Mr. Chairman, I am glad we are having this hearing today because I think it is important that we consider alternatives to the legislative initiatives we considered earlier this year that were proposed by Senator Gorton. All governmental entities are endowed with immunity to protect their official actions from undue judicial interference. For this reason, I do not think it is prudent for us to impose across the board limits on tribal sovereign immunity from suit. The bill we are considering today addresses many of the issues considered earlier this year, however, it does so in a more moderate way without undermining tribal sovereignty and self-determination efforts.

I have long supported alternative dispute resolution as a way to resolve difficult situations through good faith negotiation. I believe we need to do more to promote dialog between states and tribes. By providing a mechanism for tribes and States to work together to come to agreement on outstanding issues, Senator Campbell's bill would help tribes and states work out excise tax agreements and other jurisdictional issues, while benefiting all of the parties, avoiding drawn out litigation battles and promoting mutual respect and understanding.

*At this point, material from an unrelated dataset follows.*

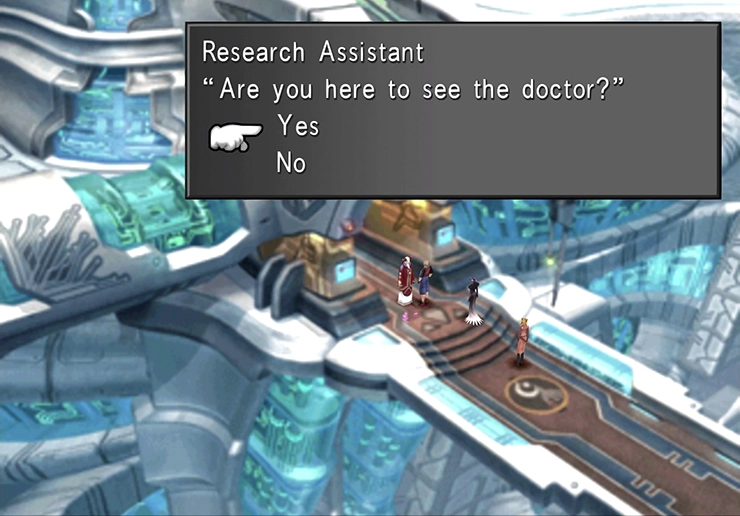เราสามารถกลับไปดูรายละเอียดแผนที่เมือง Esthar ในหน้าก่อนหน้าได้ แต่การหา Laboratory นั้นค่อนข้างง่าย เมื่อเราเข้าสู่ Esthar ครั้งแรก ให้ขึ้นบันไดไปยังหน้าจอถัดไป แล้วมุ่งหน้าไปทางซ้ายตรง ๆ สองครั้ง เราสามารถใช้แท่นลอยน้ำเพื่อไปยังที่นั่นโดยตรงได้ แจ้ง Research Assistant ที่ยืนอยู่ด้านหน้าว่าเรามาพบคุณหมอ

In addition, I believe that the idea to use liability insurance as a tool to remedy persons injured or otherwise harmed by the actions of tribal governments or employees moves us in the right direction. We may find that this idea could address the needs in Indian country, protecting tribes and allowing them to voluntarily waive their sovereign immunity in individual cases from time to time, at the same time as we protect Indian sovereignty.